CVaR_alpha(gains) = E[R | R > VaR_{1-alpha}(R)] CVaR_alpha(losses) = E[-R | R < VaR_alpha(R)] Rachev = CVaR_alpha(gains) / CVaR_alpha(losses)

How to interpret:

• Rachev > 1.0: expected extreme gains exceed expected extreme losses. The strategy has favorable fat-tail asymmetry.

• Rachev = 1.0: symmetric tail risk.

• Rachev < 1.0: tail risk is skewed to the downside.

When to use:

Use Rachev when you need a fat-tail-aware gain/loss comparison. More robust than tail_ratio because it averages over the tail rather than using a single percentile.

Parameters:

• returns (Series) – Simple return series.

• alpha (float, default: 0.05) – Tail probability (default 0.05 = 5 % tails).

Return type:

float

Returns:

Rachev ratio as a float. Returns inf if the loss CVaR is zero.

Example

>>> import pandas as pd, numpy as np
>>> r = pd.Series(np.random.default_rng(42).normal(0.001, 0.01, 500))
>>> rachev_ratio(r, alpha=0.05)
1.1

See also

tail_ratio: Percentile-based tail comparison. omega_ratio: Full-distribution gain/loss ratio.

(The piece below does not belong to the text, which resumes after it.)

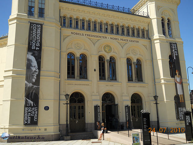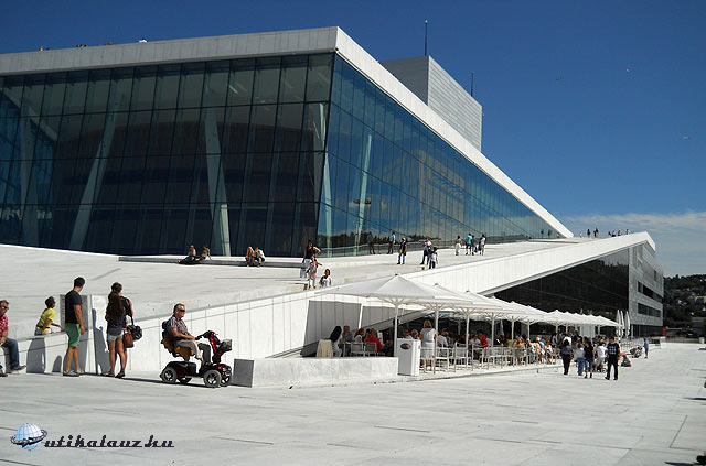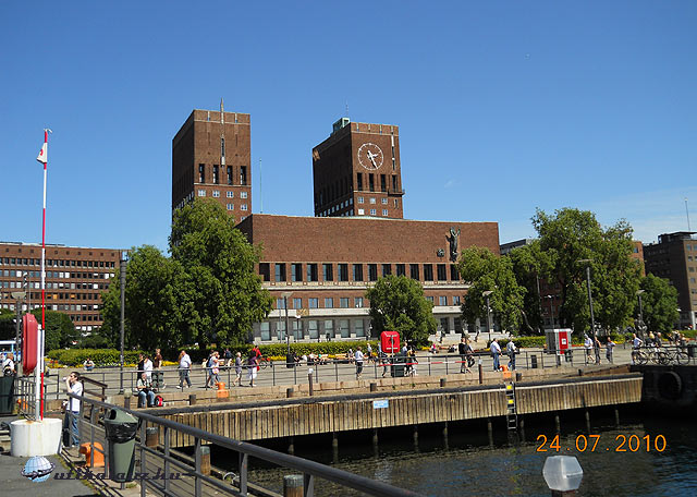 Mindenfelé nyűzsgő embertömeg, a városközpontból nyugati irányba haladunk, az impozáns Dom-templom mellett, a Karl Johans sétálóutcában üzletek sokasága előtt haladunk el, majd egy szökőkutakkal díszített park mellett a Frederiks gaten, gyönyörű virágágyakkal díszített út vezet a királyi palotához. A kapunál díszegyenruhában álldogáló őr némán tűri a turisták fotozását. Visszafordulunk a fjord felé, hatalmas sárga színű épület homlokzatán felirat jelzi, hogy itt adják át a “Béke -Nobel”díjat. A Radhusgaten a fjord végéhez érkezünk, szemben az óriási vörös téglából épült kéttornyos városháza, mögöttünk a kikötő, számos kisebb-nagyobb lehorgonyzott hajóval. Ugyancsak itt épült fel a 2008-ban befejezett, részben vízen álló üvegpalota, az operaház, a világ egyik leghíresebb ilyen létesítménye, ahol évente a nevezetes zenei fesztiválokon, világhírű zenekarok és énekesek lépnek fel.

gain_to_pain_ratio(returns)

Gain to Pain ratio: total gains over total absolute losses.

The Gain to Pain ratio (GPR) divides the sum of all returns by the absolute sum of all negative returns. It provides a simple measure of how much total return the strategy generates per unit of pain (aggregate losses) experienced.

Mathematical formulation:

GPR = sum(r_i) / |sum(r_i where r_i < 0)|

How to interpret:

• GPR > 1.0: total gains exceed total losses; strategy is net profitable and then some.

• GPR = 0.5: for every dollar lost, the strategy earned 50 cents net.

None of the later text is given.